Business & Finance Officer for 4Culture
Riza moved to Seattle from the Philippines when she was 13. Here, she attended a public high school, before graduating and studying art at the University of Washington. As she told me about her time there, her memory wavered fondly to the weaving studio, where she recalled spending hours upon hours working, even driving up on weekends to devote extra time to projects. She took weaving classes for two of her four years at the university. Working with textile became part of a lifelong love of what she calls “arts and crafts” or, folk art.
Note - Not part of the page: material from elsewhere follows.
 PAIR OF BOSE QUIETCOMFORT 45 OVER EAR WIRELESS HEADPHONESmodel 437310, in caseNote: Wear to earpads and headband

While in college, she also worked seasonally for King County Detentions. After graduation, a permanent part-time position opened up with them and she applied. Due to a quirk in the application process for the county, her application was sent to Detentions, as well as 4Culture (then the King County Office of Cultural Resources) who was also seeking to fill an administrative position. After two weeks in her new job with Detentions she was offered the position at 4Culture – she gave her two weeks’ notice and accepted. Growing up in a very pragmatic household, Riza never thought she would end up doing work that related to her passion and degree, but with 4Culture she saw an opportunity to do just that.
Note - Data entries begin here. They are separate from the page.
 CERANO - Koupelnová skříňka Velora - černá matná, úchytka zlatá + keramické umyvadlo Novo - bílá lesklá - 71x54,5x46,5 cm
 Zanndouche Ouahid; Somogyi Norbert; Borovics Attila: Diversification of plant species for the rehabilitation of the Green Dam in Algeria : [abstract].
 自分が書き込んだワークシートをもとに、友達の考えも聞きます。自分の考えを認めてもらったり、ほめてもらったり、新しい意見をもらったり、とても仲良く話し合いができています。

When asked what skills she brings to her team, Riza took a moment to think. Finally, she explained that her strengths were: Pride in her work, and a willingness to help. She thrives on making a difference. Knowing what she does here (in no small way) helps artists and fosters community, results in a drive that allows her to motivate not only herself but also the rest of her team; devoting attention every day, to making things a little bit smoother and a little bit easier.
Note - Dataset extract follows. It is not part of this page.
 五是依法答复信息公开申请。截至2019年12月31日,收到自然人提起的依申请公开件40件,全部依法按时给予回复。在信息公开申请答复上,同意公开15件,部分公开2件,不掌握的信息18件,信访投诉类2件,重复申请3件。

Riza describes herself as a private, quiet person, but the one thing she wanted people to know about her is her passion. Once, an artist wrote a letter praising Riza for her assistance through boundless loops of harrowing paperwork. She remembered being surprised, as she hadn’t noted her interaction with that artist as being any different from the work she strives to do every day. She admits, it can be a struggle to see your own impact from the background – but she finds her ways. She reads the Scope of Service for every contract she’s working on, so she can connect her work to what artists and organizations are doing in the community. And overall – she added in her soft, signature tone – she tries, and hopes she succeeds, every day to do her absolute best.
And we think she absolutely does!
This is the second in a regular series of posts introducing 4Culture staff. We want you to know who we are.